Алистер колебался всего минуту.
— Видишь ли, я не удивился, узнав, что ты не умер.
— Почему?
— Потому, — отозвался Алистер, устремляя взгляд прямо в глаза Дэвиду, — что еще наутро после пожара я знал: найденный обугленный труп принадлежит не тебе — ты жив.
— Как ты узнал об этом? — потребовал ответа Дэвид.
— Это я подменил тебя трупом каторжника. Я вынес Шону из конюшни, прежде чем пламя добралось до нее, и я позаботился о том, чтобы труп каторжника обгорел до неузнаваемости, прежде чем положить его рядом с Шоной.

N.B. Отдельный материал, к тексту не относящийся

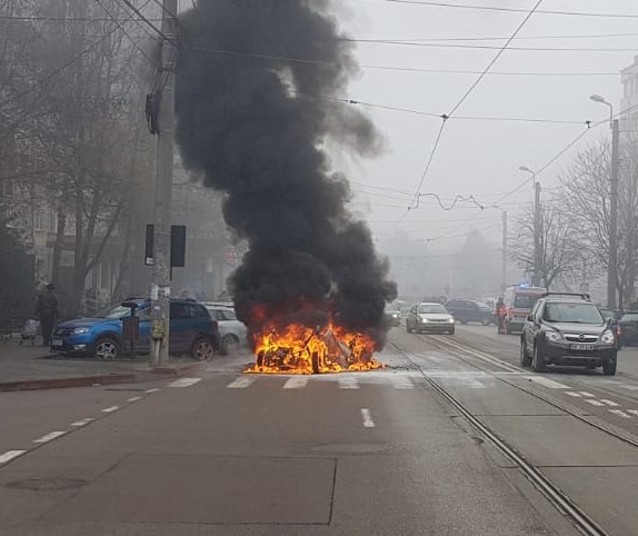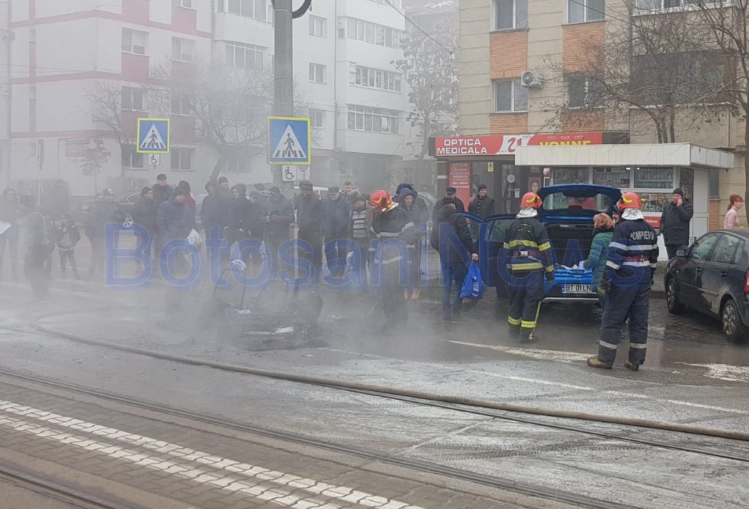Mașina cuprinsă de flăcări, marți, pe o stradă din municipiul Botoșani, a fost distrusă în totalitate. Autoturismul rula pe strada Ion Pillat, dinspre Luceafărul către Calea Națională, iar la un moment dat a fost cuprins de flăcări.

А еще я сделал так, чтобы труп каторжника, Коллума Мак-Дональда, похоронили в склепе под замком, в гробу, на котором значится твое имя…
Глава 22
Джеймс Мак-Грегор потягивал бренди, наслаждаясь удобством кресла времен королевы Анны, стоящего перед камином, вытянув ноги и положив их на скамейку. Пламя согревало его, он улыбался Шоне, и эта улыбка преображала его безобразное лицо. Несмотря на то что он принял приглашение Шоны, удобно уселся в кресле и согласился выпить бокал бренди, он смущенно признался:
— Видите ли, леди Мак-Гиннис, я ничего не смогу вам рассказать. Ровным счетом ничего. Не имею права.
Сидящая напротив Шона нахмурилась.
— Вы не скажете мне даже о том, куда увезли мальчика? Джеймс подался вперед.

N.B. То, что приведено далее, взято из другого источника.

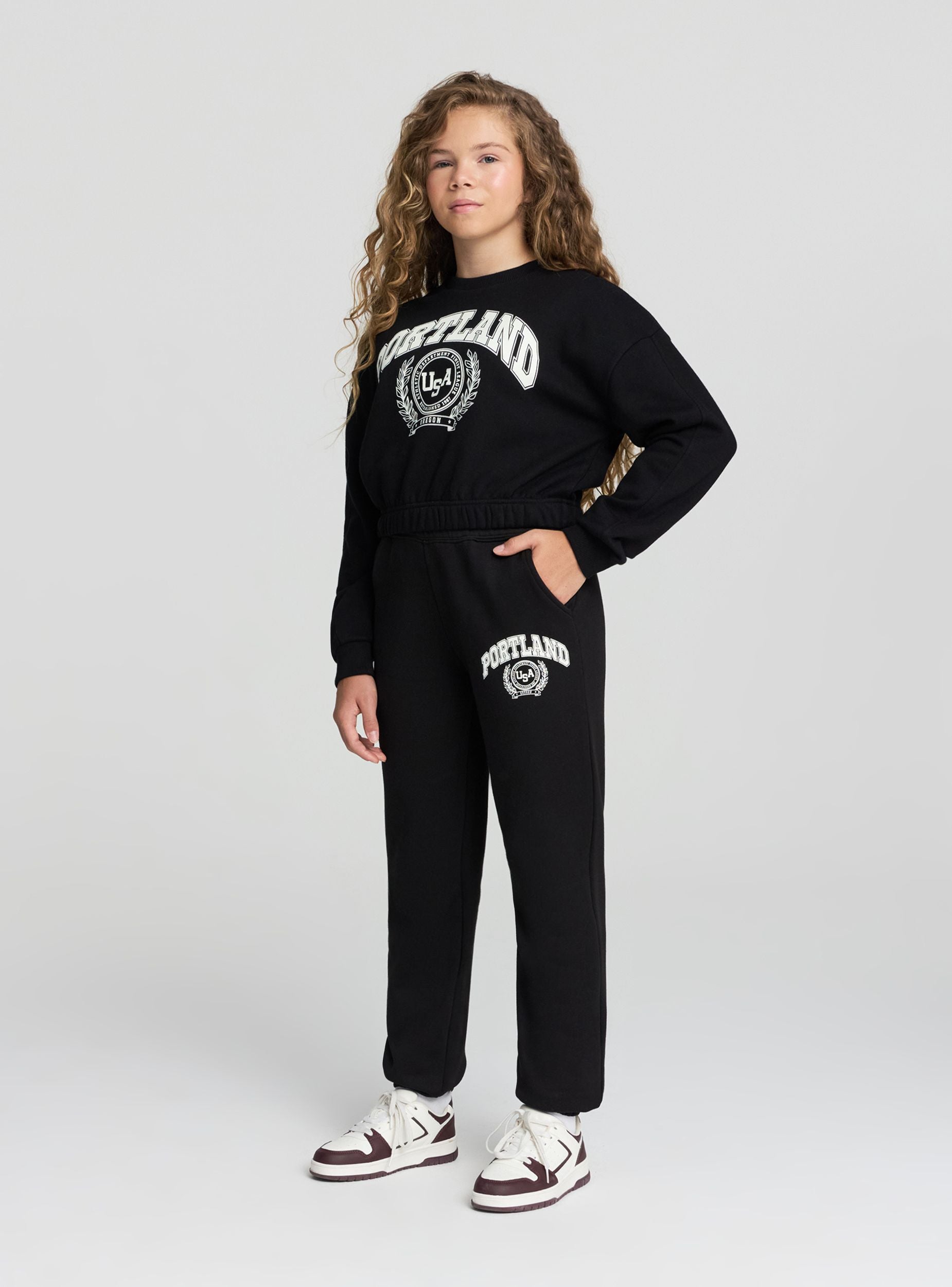 Pantalone trenerke za devojčice, teški, idealni za slobodno vreme i svakodnevne aktivnosti. Imaju udoban elastični pojas i bočne nagnute džepove za praktičnost. Ukrasni natpis dodaje dozu sportskog stila. Savršeni za kombinovanje sa majicama i duksericama za sportski i udoban izgled.Detalji

— Клянусь вам, ему ничто не угрожает — это вас успокоит?
— Да. Но этот тиран Дэвид отдал вам жестокий приказ. Джеймс улыбнулся, обхватив ладонями бокал.

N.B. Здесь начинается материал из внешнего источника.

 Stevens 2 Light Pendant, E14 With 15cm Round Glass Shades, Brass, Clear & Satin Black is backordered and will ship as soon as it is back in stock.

— Мальчик здоров, о нем заботятся, с ним ничего не случится.
— Откуда вы знаете, что он здоров? Мак-Грегор удивленно воззрился на нее.
— Как откуда? Я ведь бы лекарем, миледи, — в прежней жизни. И с мальчиком, и с Сабриной все будет хорошо. Я мог бы осмотреть ее сегодня же, но вы пожелали, чтобы это сделала ваша знакомая.
— Это было очень важно для меня. Эдвину считают колдуньей, но она не имеет ничего общего с людьми, которые похитили Сабрину. Я твердо знаю.
— Значит, это только к лучшему, что она сегодня приходила в замок, — согласился лекарь и продолжал: — Я познакомился с лордом Дагласом на корабле, когда нас обоих увозили далеко от родины, чтобы обречь на пожизненное рабство. Мне удалось избежать печальной участи только благодаря лорду Дагласу, я не считаю его тираном и рад выполнить его приказание.
— По-вашему, Дэвид поступил справедливо, отняв у меня ребенка? — возразила Шона.
Джеймс придвинулся к ней, покачивая в ладонях бокал бренди и наслаждаясь янтарным оттенком напитка.
— Вы не представляете себе, как приятно сидеть в удобном кресле и пить восхитительное бренди, — заметил он с улыбкой.
— Похоже, вы не слушаете меня, мистер Мак-Грегор.
— Напрасно вы так считаете. Мне давно хотелось познакомиться с вами. С первой минуты, когда лорд Даглас очнулся и узнал, что его обвиняют в убийстве, он считал, что вы погибли. Я думал, он разорвет в клочья капитана, помощника и экипаж, прежде чем умрет сам, но вскоре он понял, что вы живы и здоровы, а его самого считают мертвецом.
— Значит, он рассказывал вам обо мне?
— Да.
— И должно быть, рассказывал только плохое.
— Миледи, нам вместе довелось жить в аду. В Лондоне добрая королева Виктория заслужила себе славу справедливостью и благородством, но, несмотря на свою доброту, она не замечает ни ужасающей жизни трущоб, ни нищих. А когда в нашей стране человека приговаривают к каторге — не важно, справедливым было обвинение или нет, — он попадает в земной ад. Должно быть, вам известно, что Дэвида увезли на корабль и отправили на каторжные работы. Рядом с ним я пережил свирепые шторма, бок о бок трудился в каменоломнях. Я видел, как он помогает другим, избавляя их от наказания безжалостных стражников. В сущности, миледи, именно в борьбе за мою жизнь мы наконец-то обрели свободу. Меня чуть не прикончили. Вряд ли Дэвид собирался убивать стражника, но в поединке сломал ему шею. Вместе с нами на свободе оказалось еще несколько человек, и мы бежали. Обо всем этом я рассказываю вам только для того, чтобы вы поняли, как он провел последние пять лет. Не забывайте: после таких испытаний любой человек способен ожесточиться. В душе лорда Дэвида не утихает гнев.